* **INFORMATION**:
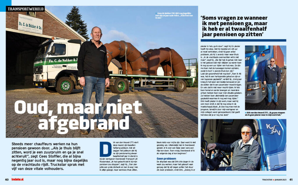Er is nog steeds een groot tekort aan vrachtwagenchauffeurs, dus is het ook niet zo vreemd dat bedrijven er alles aan doen om hun personeel aan zich te binden. Voor sommige chauffeurs is de band met het bedrijf en de truck zo sterk dat ze zelfs na hun pensionering nog door blijven werken. We portretteerden vijf van deze doorwerkers.
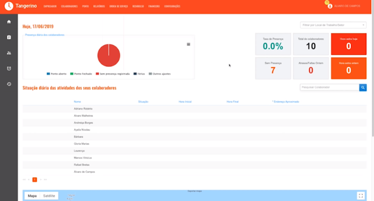 Tangerino is a solution for digital time control that uses facial recognition and geolocation mechanisms to ensure the integrity of the records made by employees, as well as safely storing the data in the cloud where it is protected by encryption. Available for mobile access, including Android and iOS devices, Tangerino enables companies to define whether their employees can clock in using their own cell phones, whether or not biometrics will be allowed, and if overtime histories should remain visible to employees. Other software features include timesheet exports, vacation management, route monitoring, absence and tardiness reports, and time bank control. Available in Portuguese for the Brazilian market.
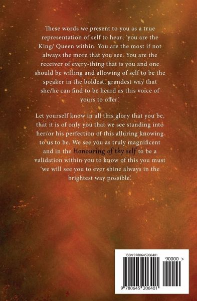 These words we present to you as a true representation of self to hear; 'you are the King/ Queen within. You are the most if not always the more that you see. You are the receiver of every-thing that is you and one should be willing and allowing of self to be the speaker in the boldest, grandest way that she/he can find to be heard as this voice of yours to offer'. Let yourself know in all this glory that you be, that it is of only you that we see standing into her/or his perfection of this alluring knowing to us to be. We see you as truly magnificent and in the Honouring of thy self to be a validation within you to know of this you must 'we will see you to ever shine always in the brightest way possible'.
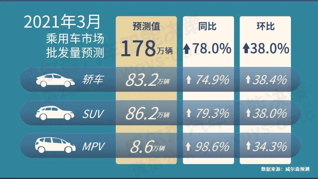 根据威尔森预测,2021年3月整体乘用车市场批发量预计为:178万辆,同比2020年3月上升78.0%。
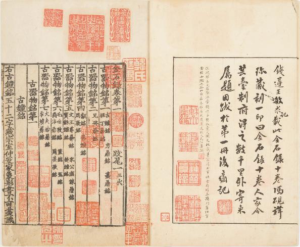 展览中的有些最珍贵的宋本并非首次亮相,但因为增加了文献这个维度,将珍本与关联文献组合展出,为观众提供了新的视角。如著名的十卷本《金石录》。《金石录》凡三十卷,上图藏本为南宋龙舒郡斋刻本,存卷十一至二十,书贾剜改卷数为卷一至十,假充一个完整的本子。这个残本曾经朱大韶、冯子玄、冯文昌、鲍廷博、江立、赵魏、阮元、韩泰华、潘祖荫递相收藏,又有江藩、顾千里、翁方纲、姚元之、洪颐煊、沈涛、西林春等众多名流题跋、题咏,收藏印记竟达三百枚之多。其中,那方由“十卷本”第三位藏家冯文昌始刻,后继一代又一代递藏此书的鲍廷博、江立、阮元、韩泰华直到潘祖荫都亦步亦趋加以复刻的“金石录十卷人家”印,被视为“藏书史上的身份图腾”。当年阮元在得到这部书后,寄给翁方纲赏鉴,翁氏摩挲累月,不但为之题跋,还写下了《重镌金石录十卷印歌》。本次展览与宋版《金石录》一起展出的手卷,就是翁方纲寄给阮元的诗柬与手札,是这段藏书史上有名的故事的见证。
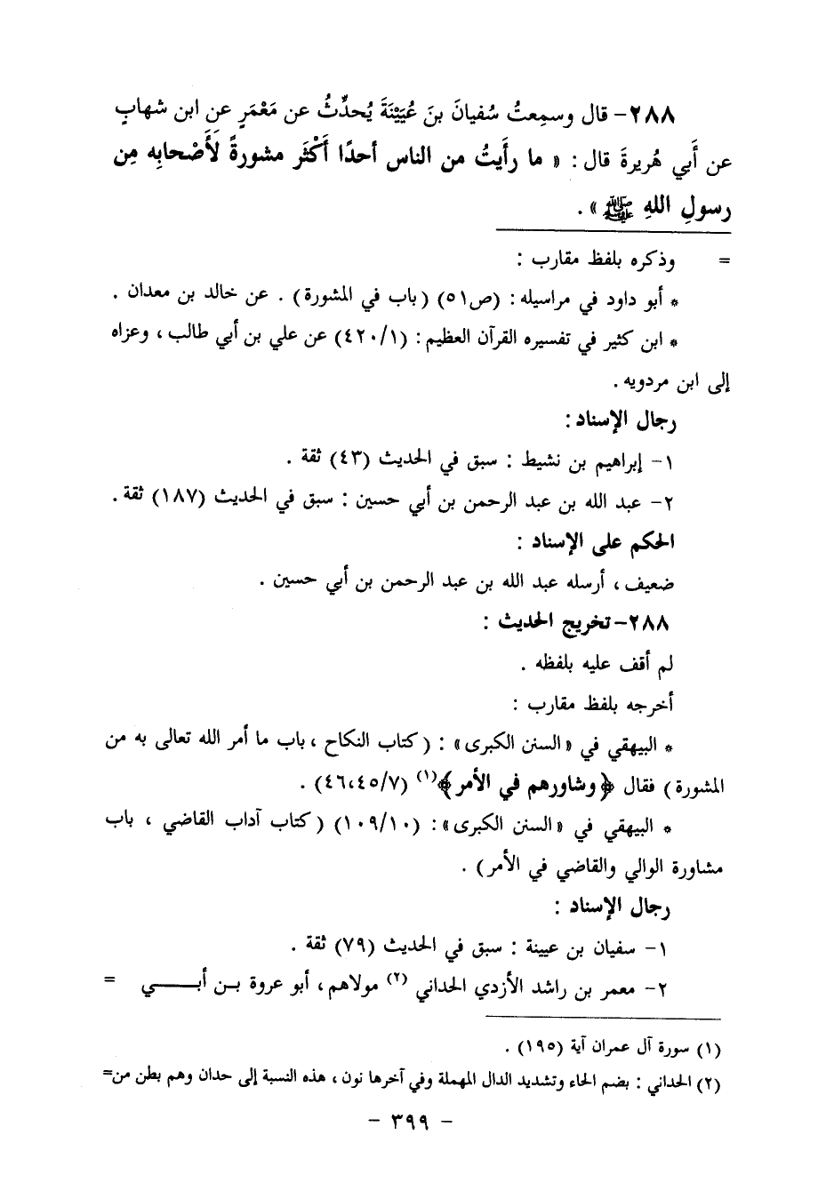٢٨٨ - وَسَمِعْتُ سُفْيَانَ بْنَ عُيَيْنَةَ، يُحَدِّثُ عَنْ مَعْمَرٍ، عَنِ ابْنِ شِهَابٍ، عَنْ أَبِي هُرَيْرَةَ، قَالَ: «مَا رَأَيْتُ مِنَ النَّاسِ أَحَدًا أَكْثَرَ مَشُورَةٍ لِأَصْحَابِهِ مِنْ رَسُولِ اللَّهِ صَلَّى اللهُ عَلَيْهِ وَسَلَّمَ»
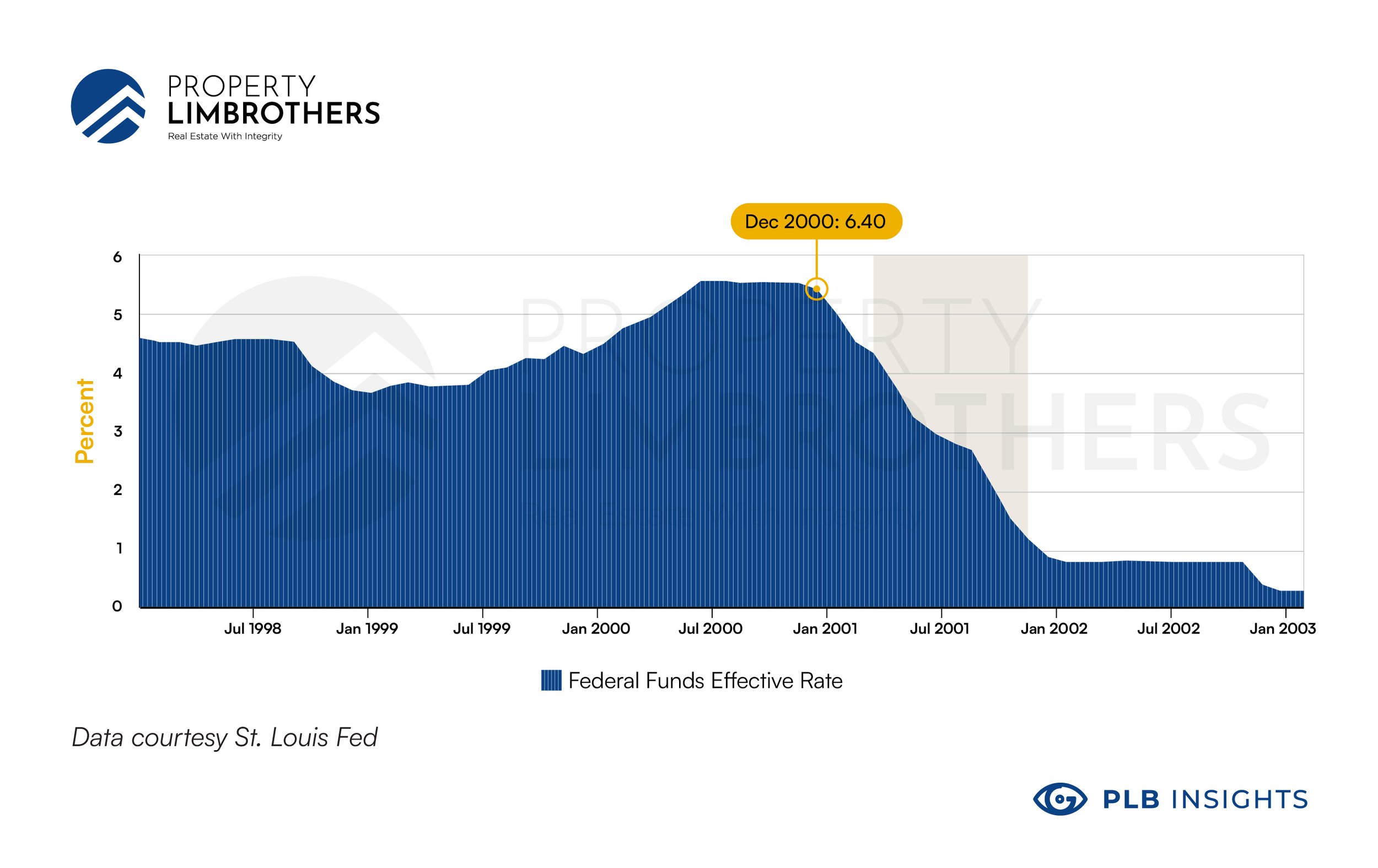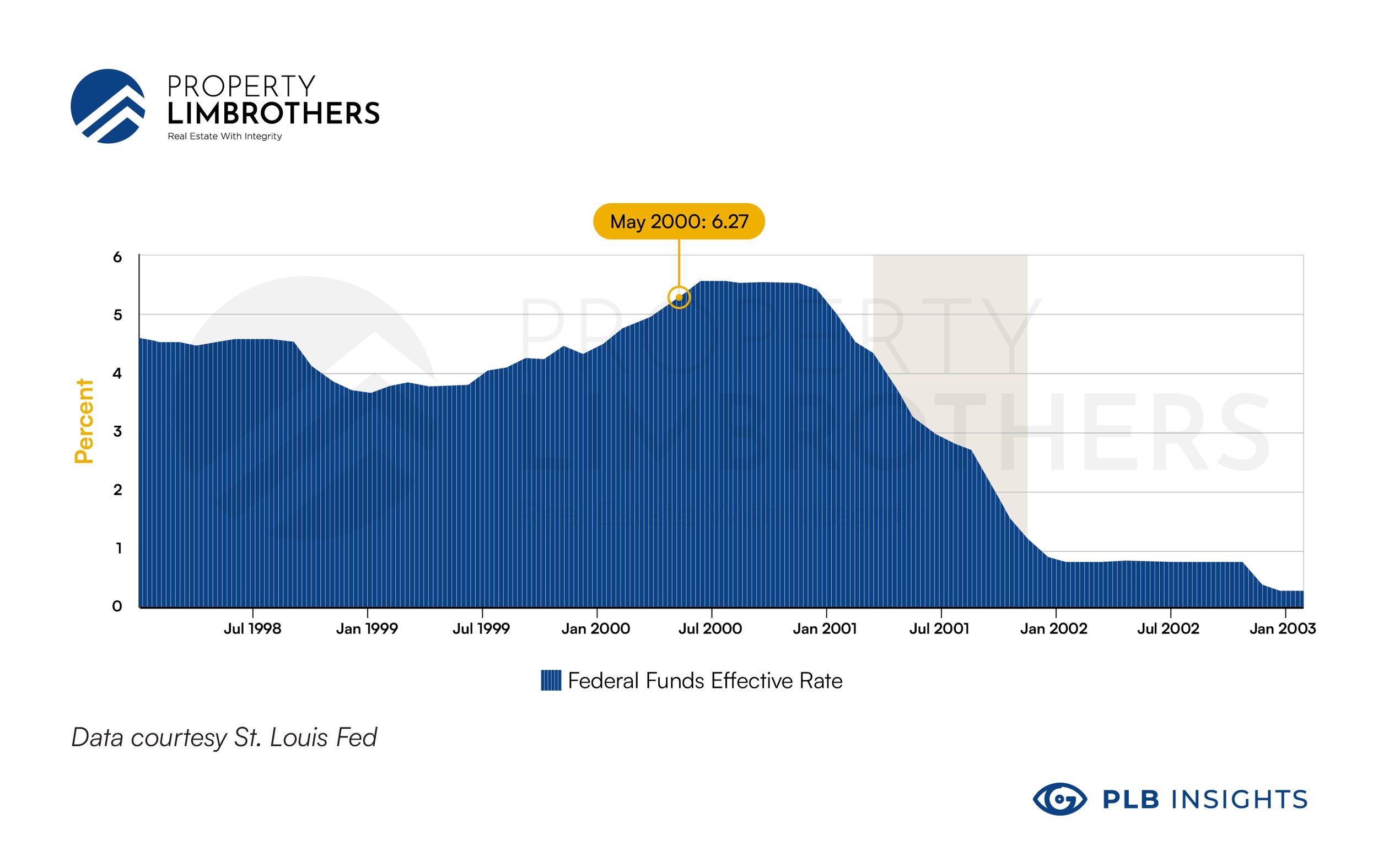 In 2000, the interest rate hike did not last long. This might be due to the already low inflation then, around 3.3%. The interest rate hike back then only lasted a short period of time, ending around December of 2000. Thereafter, we see a sharp decline from 6.4% to below 2% by the end of 2021. This steep decline in interest rates was to help encourage companies to invest in technology after the Dot.com bubble crashed investor confidence.
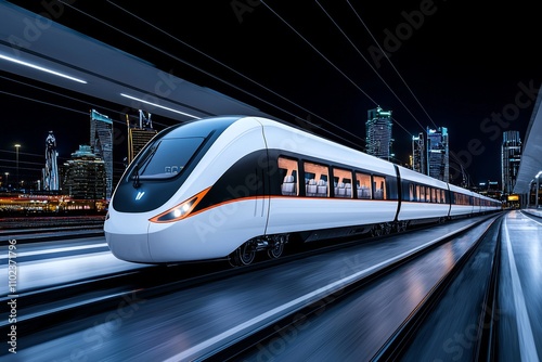 Naklejka premium A high-speed train with vibrant light trails zips by quickly. Smart...
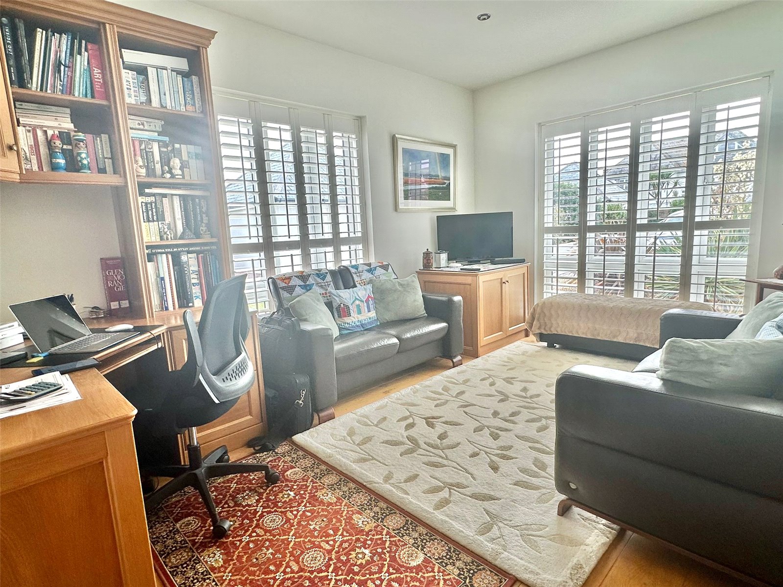 Double aspect full height UPVC double glazed windows with fitted shutter blinds and a view towards Hurst Road seafront and the other aspect across to Sturt Pond, oak engineered flooring, central heating radiator, recessed ceiling spotlighting, range of fitted solid wood office furniture
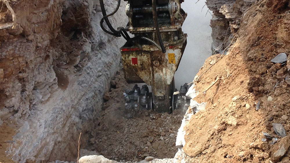 AQ-4XL Rock Grinder on Hitachi EX470 Trenching 100MPa Limestone outperformed hydraulic breaker.
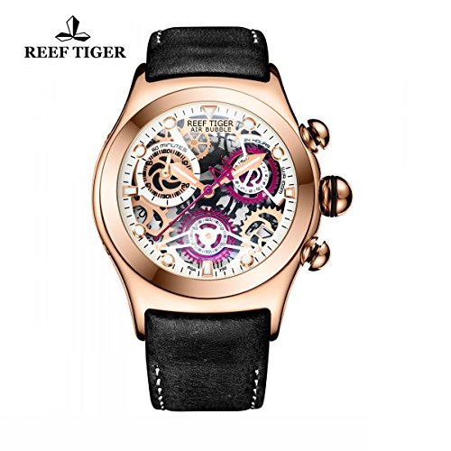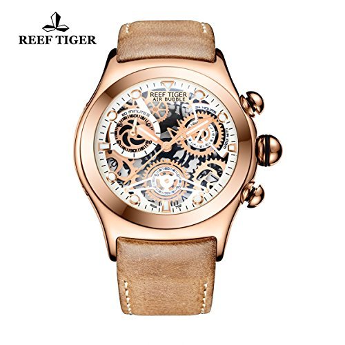 무브먼트: Japan SEIKO VK 68쿼츠 케이스:광택 스테인레스 스틸 도금 로즈 골드 크리스탈 긁힌 상처상 미네랄 크리스탈 베젤:고정 로즈 골드 베젤 다이얼:스켈리턴 다이얼,커다란superlumed핸드,화이트도트 마커 팔찌 가죽 스트랩 배치와 버클 방수50미터
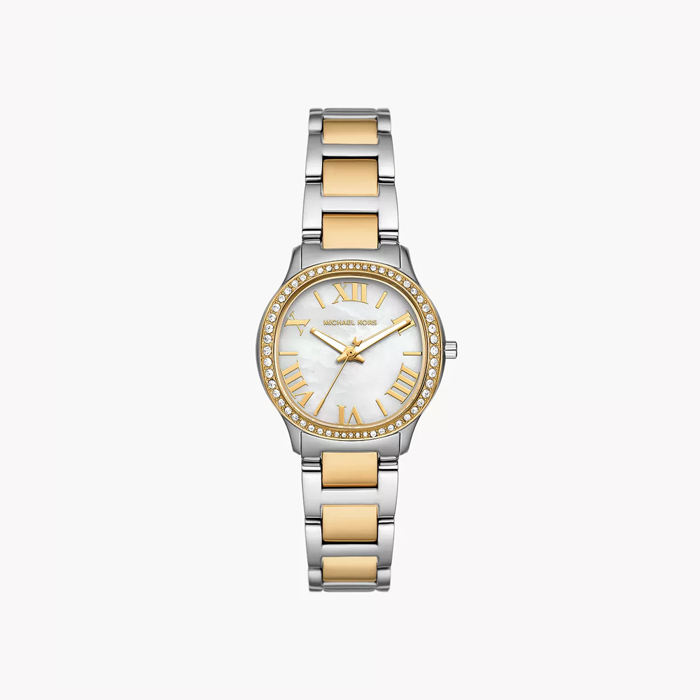 Designed with an iridescent mother-of-pearl face illuminated by glittering pavé accents around the top ring, this shrunken-down version of our coveted Sage watch is timeless. Crafted from two-tone stainless steel, it features Roman numeral indexes for precise timekeeping and a dainty casebody that makes it easy to stack with complementing bracelets.

* **EXERCISE**: From the records above, give again only the part that opens with the line containing "These words we" and closes with the line containing "根据威尔森预测,2021年3". Keep both ends but drop the pictures.

* **RESPONSE TO THIS TASK**:
 These words we present to you as a true representation of self to hear; 'you are the King/ Queen within. You are the most if not always the more that you see. You are the receiver of every-thing that is you and one should be willing and allowing of self to be the speaker in the boldest, grandest way that she/he can find to be heard as this voice of yours to offer'. Let yourself know in all this glory that you be, that it is of only you that we see standing into her/or his perfection of this alluring knowing to us to be. We see you as truly magnificent and in the Honouring of thy self to be a validation within you to know of this you must 'we will see you to ever shine always in the brightest way possible'.
 根据威尔森预测,2021年3月整体乘用车市场批发量预计为:178万辆,同比2020年3月上升78.0%。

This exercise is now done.